Until the decision, the Bank of Japan has all eyes on 10-year bond yields.

The recent rise in global interest rates has the BOJ thinking about new yield curve control (YCC) measures that may be announced at the end of the 30 – 31 October policy meeting. The Bank of Japan (BOJ) uses YCC to support the economy to keep the 10-year Japanese government bond (JGB) yield at around 0%. In July, it raised the effective yield cap from 0.5% to 1.0% to allow long-term rates to rise further, reflecting higher inflation. Meanwhile, rising U.S. bond yields are dragging Japanese peers higher, making it harder for the BOJ to keep the country’s interest rates low, with 10-year bond yields approaching the 1% limit set in July.

The growing economic gap between Japan and the rest of the world puts severe pressure on the Japanese yen and increases imported inflation. Given the uncertainty over global growth and labour market conditions, the BOJ will likely abandon measures to move away from ultra-soft policy. But things could change dramatically if the 10-year JGB yield rises to around 0.9% at the beginning of the week. The BOJ may have to take action, said Kar Yong Ang, Octa analyst.

The Fed is expected to keep rates unchanged at its November meeting.

A week before the decision, the odds that the Fed will raise interest rates on 1 November appear to have decreased. It happens partly because long-term bond yields have risen slightly—10-year yields are now at 4.86%, up from 4.5% when the Fed last met to set policy. Besides, as assessed by the CME FedWatch Tool, market expectations currently give a 98% probability of keeping the rate on 1 November.

In addition, recent economic data suggest that inflation is generally declining, although not back to the 2% target. The latest employment data signal a slowdown in wage growth, which the Fed hoped for in a possible pause, said Octa analyst, Kar Yong Ang. Given all the factors, he added that if the U.S. Fed keeps the rate on hold, the U.S. dollar may show weakness in the short term.

The Bank of England is likely to extend its pause in November.

The Bank of England (BOE) will weigh up the latest data on wage growth and inflation before deciding what to do next with the bank rate, with the interest rate decision itself due on 2 November.
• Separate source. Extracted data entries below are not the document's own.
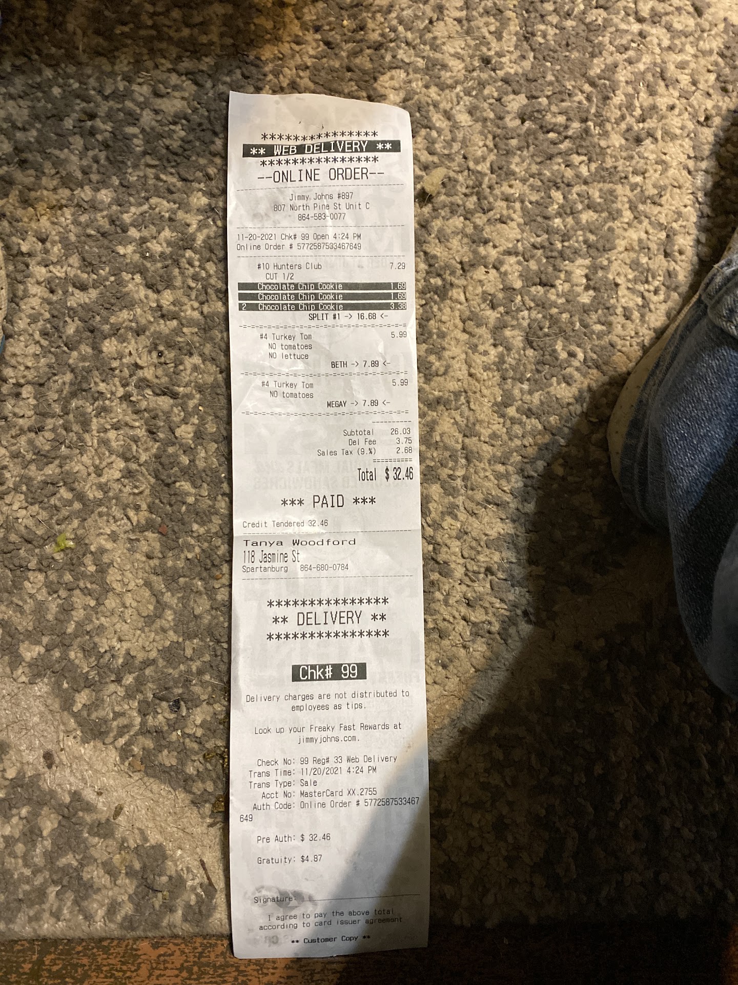 Read moreThis location always gets our order wrong. They focus to much on fast and not getting it right. This past time my husband got us food. He ordered me a turkey tom and well all I got was turkey and bread nothing else! I mean really? No mayo not lettuce I mean literally bread and turkey. Not much turkey either. Looks like it was thrown together. Not much effort. I think I'll go to Jersey Mike's it's closer anyhow. I'm fed up with this location in Spartanburg. Tired of paying for things to be wrong. I love your subs guys but come on. Listen more to your customer and getting things right not just getting it done freaky fast! I miss where I worked before the location in Greenville on Haywood does a great job. I'd rather drive there at least an hour drive will get me the sandwich I want and...
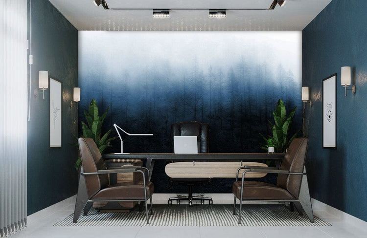 Papier peint mural de la forêt de pins brumeuse dans un bureau moderne avec mur bleu foncé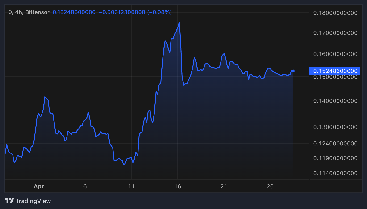 Se o projeto recuperar seu impulso anterior, sendo a maior sub-rede na Bittensor, isso pode amplificar seus ganhos por meio de efeitos de rede e desencadear uma forte tendência de alta, com o preço voltando para a faixa de US$ 0,40.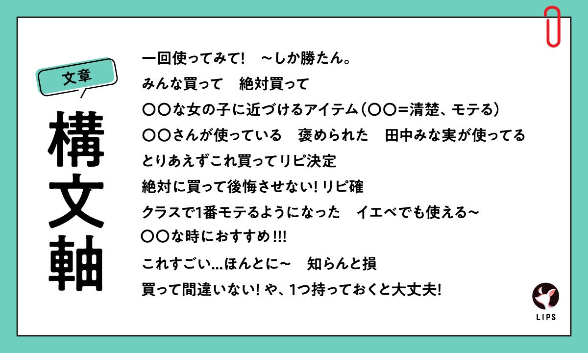 逆説を使った構文や、使った後の効果を含んだ構文、”絶対”や”間違いない”など断定して誰かに強くおすすめするような定型的なフォーマットがあるようです。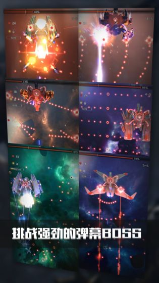 丰富的敌机类型,各具特色的ai行为,BOSS战新高度!Boss拥有多重部件,每个部件都有独特功能。疯狂的弹幕让你欲罢不能。无尽关卡,等你来挑战。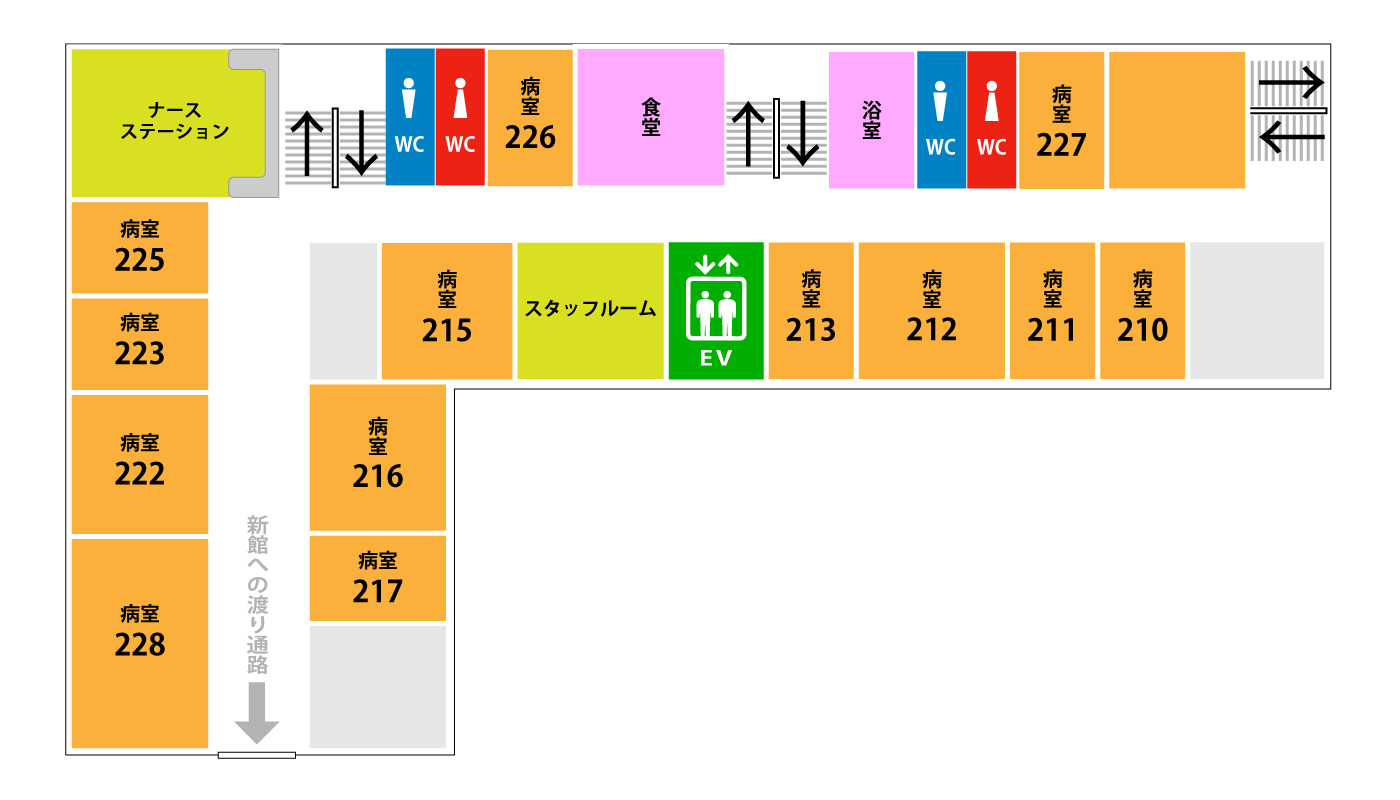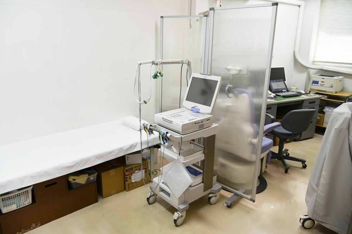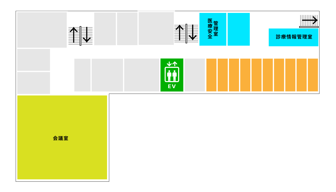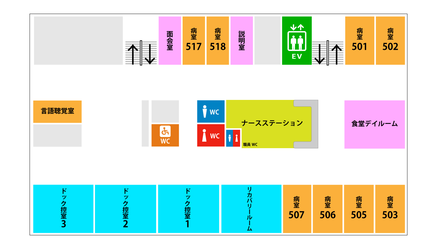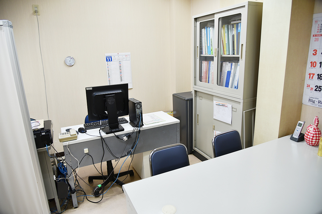 1階は外来診察のフロアとなっております。正面玄関を入ると待合ロビーがあり、正面に受付・会計窓口があります。1番から8番までの診察室があり、症状・診療科に応じて該当する診察室へお呼び致します。また、レントゲン・CT・MRI・エコー・内視鏡・心電図の各種検査室があり、検査内容に応じてご案内致します。正面玄関を入ってすぐ右には医療福祉相談室があり、医療や福祉に関する相談に応じます

Last month, the BOE made the surprise decision to leave borrowing costs unchanged at 5.25% for the first time in nearly two years.

According to the latest Consumer Prices Index (CPI) data from the Office for National Statistics (ONS) released on 18 October, the price growth in the U.K. was 6.7% year-over-year (YoY) in September vs 6.7% YoY and 6.8% YoY two months earlier. In terms of months, it was 0.5% Month-over-Month (MoM) vs 0.3% MoM and −0.4% MoM in September–August.

After falling last month, annual inflation remained unchanged in September, and it is moving further away from the area of the peak levels reached in October 2022 (11.1% yoy). The idea of slowing inflation is the main argument in favour of extending the pause for another month, said Octa analyst, Kar Yong Ang. He added that if the rate remains unchanged, we may see a local weakening of the national currency.

Decisions on monetary policy and key central bank rates aim to regulate the economy in the long term. If monetary policy is tightened, the exchange rate tends to appreciate. If it is loosened, the exchange rate tends to weaken. All three upcoming meetings have a soft, dovish tone. Use this information wisely.